Personal information
- Native name: Nərgiz Süleymanova (Azerbaijani)
- Other names: Sueleymanova Suleimanova
- Born: 6 September 2004 (age 22) Mühlhausen, Germany
- Home town: Cologne, Germany
- Height: 1.59 m (5 ft 2+1⁄2 in)

Figure skating career
- Country: Azerbaijan (2024–present) Germany (2010–2021)
- Discipline: Women's singles
- Coach: Joey Russell; Tracy Wilson; Brian Orser; Ernest Pryhitka; Galina Zubkova;
- Skating club: Toronto Cricket, Skating and Curling Club
- Began skating: 2010

= Nargiz Süleymanova =

German-Azerbaijani figure skater (born 2004)
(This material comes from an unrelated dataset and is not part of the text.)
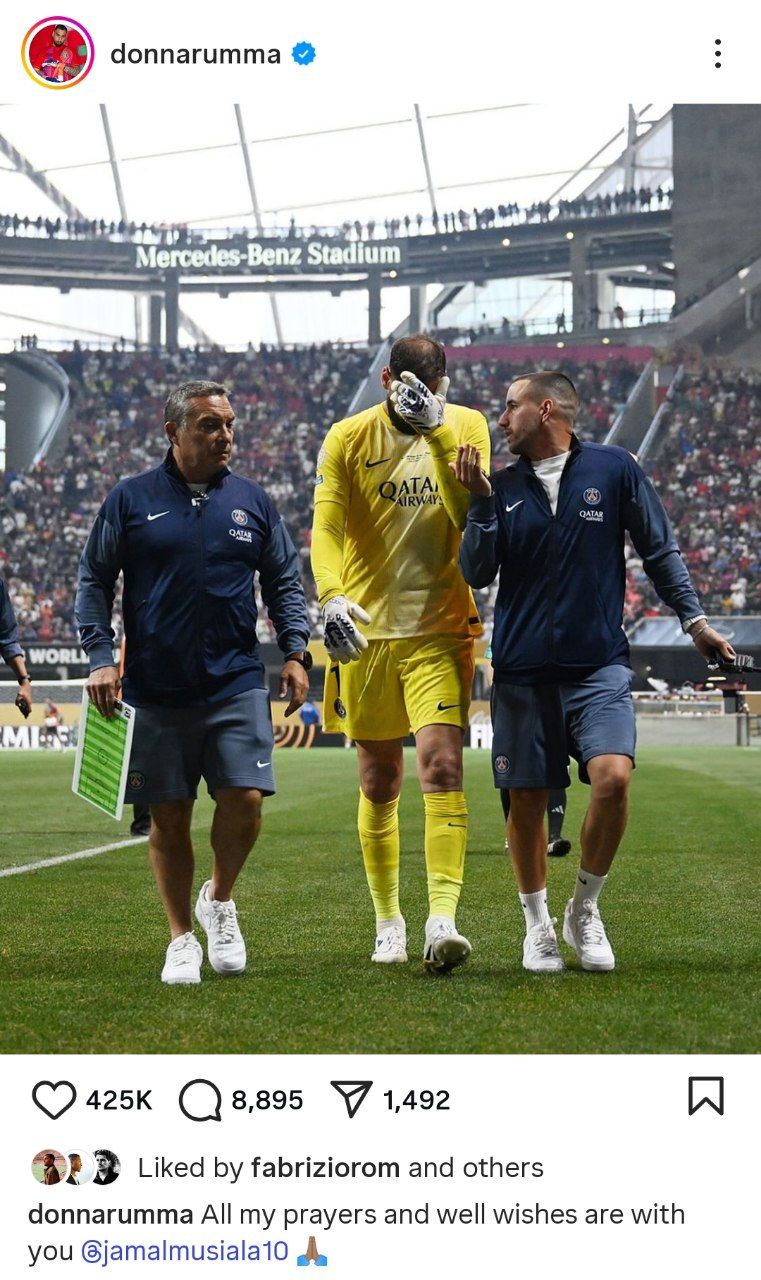 جانلوییجی دوناروما، دروازهبان پاری سن ژرمن، پس از مصدومیت شدید جمال موسیالا در جریان دیدار برابر بایرن مونیخ، با انتشار پیامی احساسی در اینستاگرام، نسبت به این اتفاق واکنش نشان داد.

Nargiz Süleymanova (born 6 September 2004) is a German-Azerbaijani figure skater. Competing for Azerbaijan, she is the 2025 Bosphorus Cup champion and the 2026 Merano Ice Trophy silver medalist.

Süleymanova represented Germany until 2021 and is the 2020 German junior national champion.

== Personal life ==
Süleymanova was born on 6 September 2004 in Mühlhausen, Germany. Her family is from Azerbaijan. Süleymanova was raised in Cologne. She was inspired by Katarina Witt as a child.
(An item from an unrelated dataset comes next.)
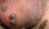 Fig. 2.—Nódulos violáceos en escroto.
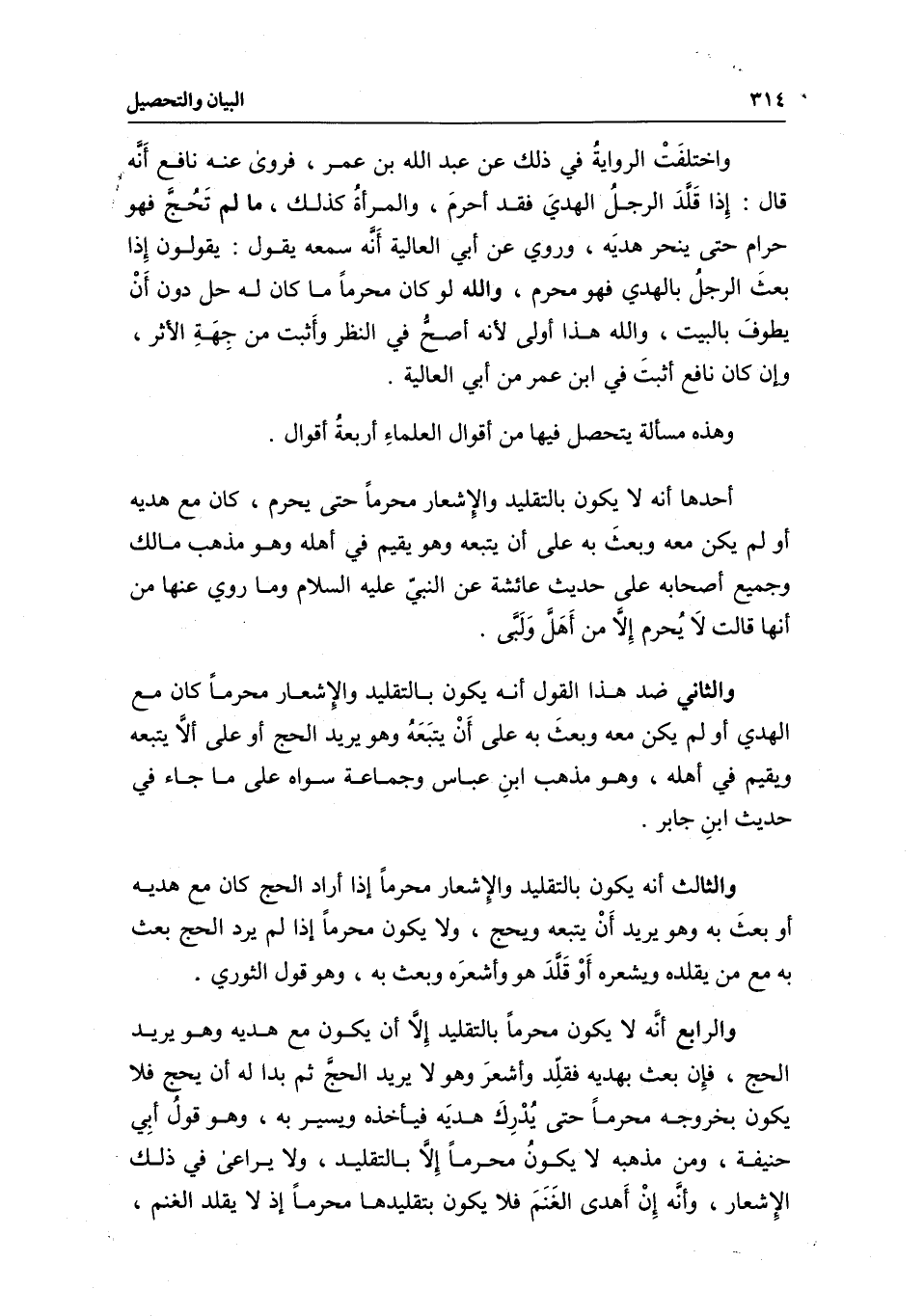 والثالث: أنه يكون بالتقليد والإشعار محرما إذا أراد الحج، كان مع هديه أو بعث به، وهو يريد أن يتبعه وبحج، ولا يكون محرما إذا لم يرد الحج، بعث به مع من يقلده ويشعره أو قلد هو وأشعره وبعث به، وهو قول الثوري. والرابع: أنه لا يكون محرما بالتقليد إلا أن يكون مع هديه وهو يريد الحج، فإن بعث بهديه فقلد وأشعر وهو لا يريد الحج ثم بدا له أن يحج فلا يكون بخروجه محرما، حتى يدرك هديه فيأخذه ويسير به، وهو قول أبي حنيفة، ومن مذهبه لا يكون محرما إلا بالتقليد، ولا يراعى في ذلك الإشعار، وأنه إن أهدى الغنم فلا يكون بتقليدها محرما إذ لا يقلد الغنم،

Süleymanova is a Lady Gaga fan. She has been involved in the creative process of choreographing her programs.

== Career ==
=== Early career ===
Süleymanova began skating in 2010 at six years old after watching figure skating competitions on televisions with her mother. Her first coach was Galina Zubkova.

=== For Germany ===
==== 2019–20 season ====
Süleymanova debuted as a junior internationally at the NRW Trophy where she won bronze. Having won the silver medal in the novice division at the Coupe du Printemps the prior season, she was named to her first Junior Grand Prix event, the 2019 JGP France in August of that year. Süleymanova placed twenty-fourth at the event. She then placed fourth at the Denis Ten Memorial Challenge before winning bronze at her next event, Golden Bear.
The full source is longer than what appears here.